Secondly, it might be argued that ethnic kinship is too slight to justify diverting effort from genealogical kin. However, this is simply untrue. The aggregate kinship within populations can be sufficient that it is adaptive to invest in ethnic kinship, as Salter (2007) has demonstrated. It is perfectly adaptive to contribute to collective goods, group defence and the punishment of free-riders.

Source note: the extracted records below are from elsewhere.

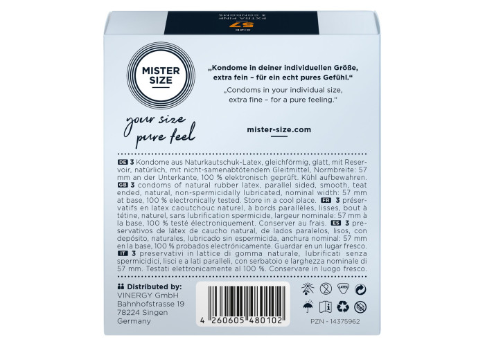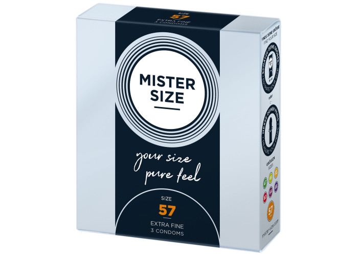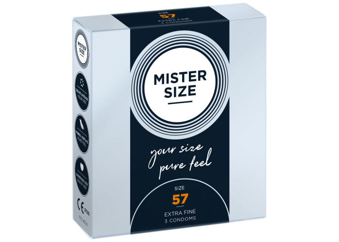 Презерватив без презерватива — лише природні відчуття під час близькості! Пропонуємо купити презервативи Mister Size - pure feel - 57, виготовлені з найтоншого каучукового латексу. Товщина стінок презерватива всього 0,05 мм, водночас він досить міцний, щоб не порватися у відповідальний момент, що забезпечує надійний захист від небажаної вагітності та ЗПСШ. Презервативи покриті силіконовою змазкою, легко надягаються та забезпечені зрозумілою ілюстрованою інструкцією. Головне, правильно дібрати розмір та насолоджуватися якісним сексом!
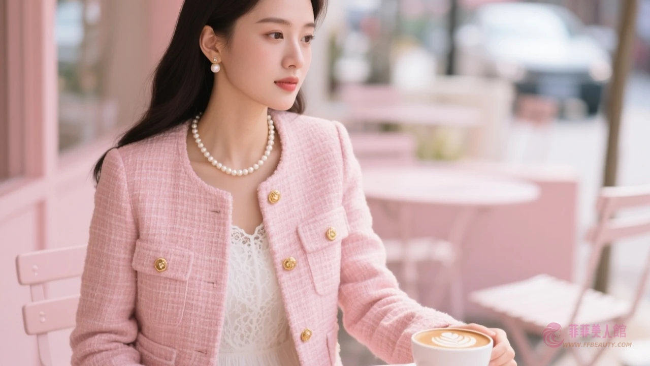 櫻花粉小香風外套絕對是今年必收單品!內搭白色蕾絲裙甜美又貴氣,適合約會或姐妹午茶趴。挑選時注意外套版型要合身,避免OVERSIZE設計反而顯胖。
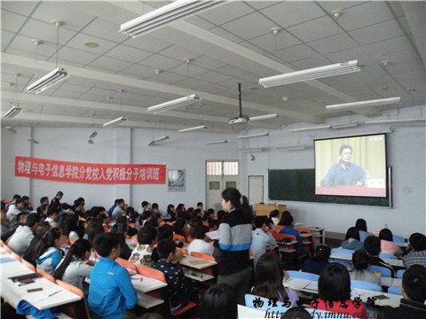 2014年4月10日下午,熟女直播 在田楼十共举行了党课培训,利用多媒体教学,为同学们播放了贵州大学校长、党委副书记郑强的授课视频,在他的犀利风趣的言语中,加强了入党积极分子的政治理论素养和提高同学们的思想觉悟,进一步端正入党动机和态度,增强了对中国共产党的基本知识和整体社会的认识和觉悟。
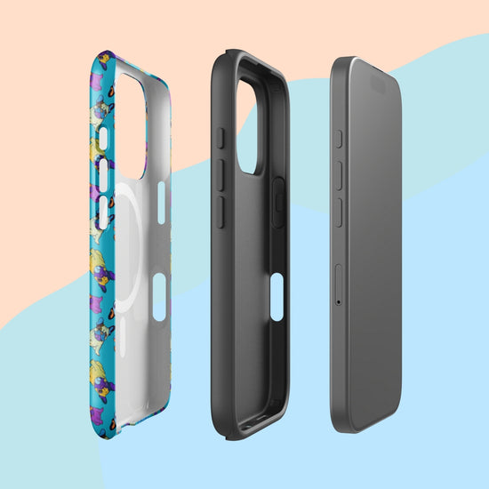Frenchie lovers, this one's for you! The Frenchie Fetch, Set, Match iPhone MagSafe Case is bursting with colour and personality, featuring playful French bulldogs mid-fetch on a vibrant turqoise background. If your phone could wag its tail, it definitely would.

Thirdly, Grafen (1990) pointed out that within an ‘outbred population’ (one that was relatively genetically diverse) assortment by phenotypic selection could not be a form of kin selection, as Rushton had argued. This was because sharing the kinds of characteristics which Rushton highlighted would involve sharing miniscule proportions of genes. These genes would only occur frequently on the genome among genealogical kin. Grafen argued that the percentage of shared genes would be insufficient, beyond genealogical kin, for the investment of friendship, for example, to pay off in terms of inclusive fitness. But, as Salter (2007) has found, if we compare different ethnic groups — calculating their degree of genetic separation — then co-ethnics, relatively speaking, share a significant percentage of their genes; more than sufficient to make ethnic nepotism adaptive. Indeed, Salter (2002) has found in an ethnically divided population, people will share 15% more genes with co-ethnics than with others, meaning that investment in those with shared phenotypic traits would pay off even more. Moreover, it might be countered that even in an outbred population, if a person shared a large number of phenotypic traits with someone else — as Rushton found was true of friends or sexual partners — then the investment could potentially pay off. But it is true that this is more likely within an inbred population, and Salter and Harpending (2015) note that most populations are inbred to some extent. In this context, kinship is highly variable even among complete strangers, and this would be even more likely in small, relatively isolated populations. For people in these populations, Rushton’s model could apply even without the need to hypothesize collective goods and there would not need to be any ethnic conflict for the investment to pay off in terms of improved fitness. However, in more varied populations, altruism to strangers would not necessarily increase fitness.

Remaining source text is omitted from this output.